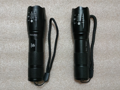 ▲ 버튼이나 반사판(?) 색상만 다를뿐 거의 동일했습니다. 국내에서 파는것도 어차피 중국에서 만든거 떼어다 파는거일테니까요. 충전지를 넣어서 켜보니 밝기도 엇비슷했습니다.
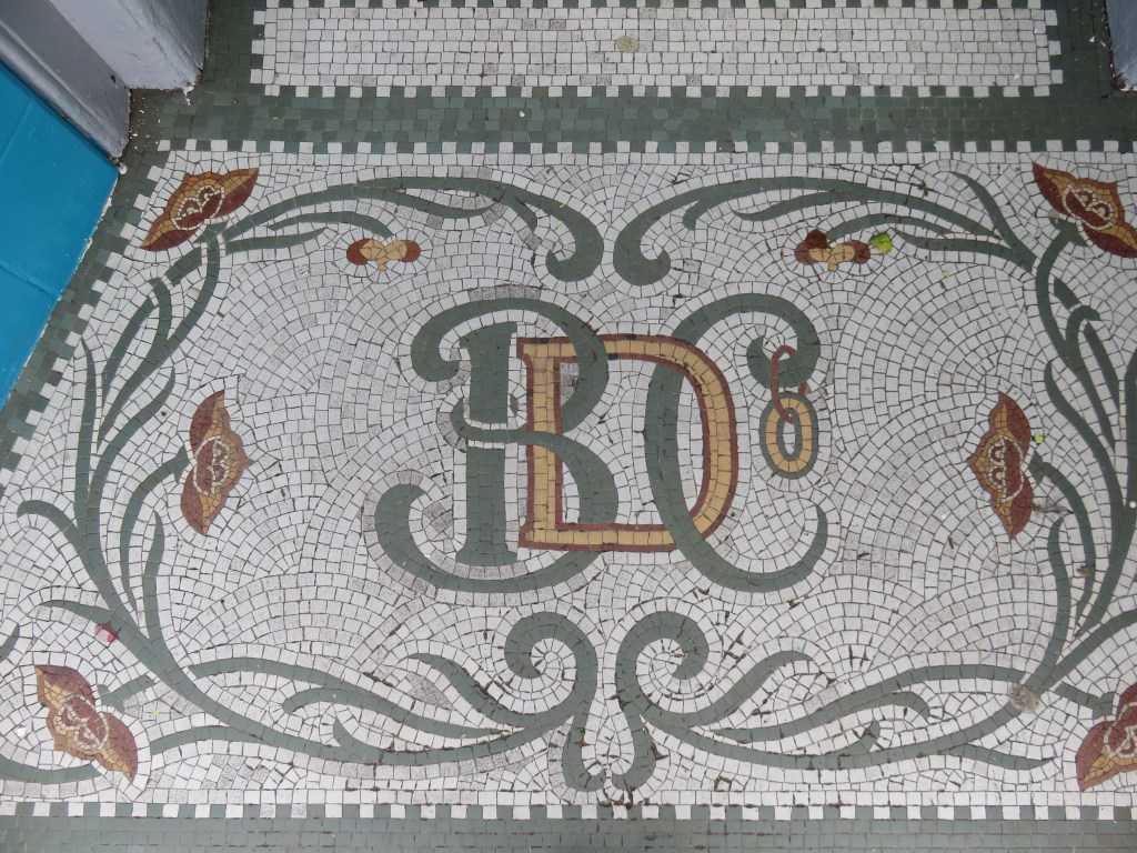 The lobby wall was clad in a tiled scheme with an oval pictorial panel. This depicted a young girl wearing a blue bonnet and a pink dress. She held a buttercup to the chin of a placid brown cow (as if asking ‘do you like butter?’) whilst gathering buttercups in the folds of her apron.
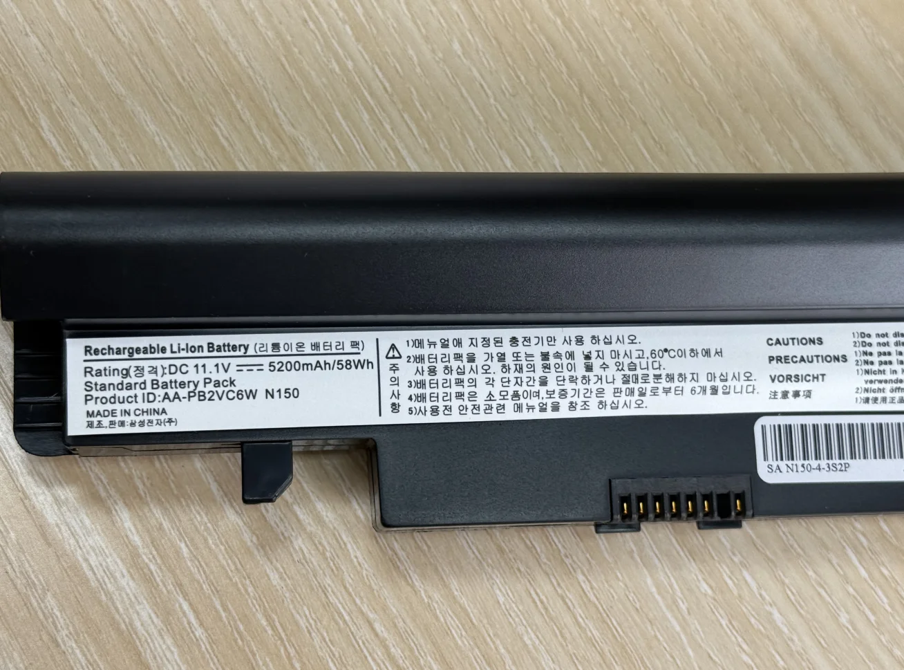 La batería es compatible con el netbook Samsung N150 Plus. Estaba parcialmente cargada, el portátil mostraba un 77%. Vi una película de dos horas para descargarla, y después de la descarga, hasta que el netbook se apagó, conecté el cargador. La batería se cargó al 100%. El tiempo dirá cuánto durará.

═══

Brief
Transcribe exactly the lines above, running from the one that contains "The lobby wall" through the final line of the listing, and skip every picture.

Result of this task
 The lobby wall was clad in a tiled scheme with an oval pictorial panel. This depicted a young girl wearing a blue bonnet and a pink dress. She held a buttercup to the chin of a placid brown cow (as if asking ‘do you like butter?’) whilst gathering buttercups in the folds of her apron.
 La batería es compatible con el netbook Samsung N150 Plus. Estaba parcialmente cargada, el portátil mostraba un 77%. Vi una película de dos horas para descargarla, y después de la descarga, hasta que el netbook se apagó, conecté el cargador. La batería se cargó al 100%. El tiempo dirá cuánto durará.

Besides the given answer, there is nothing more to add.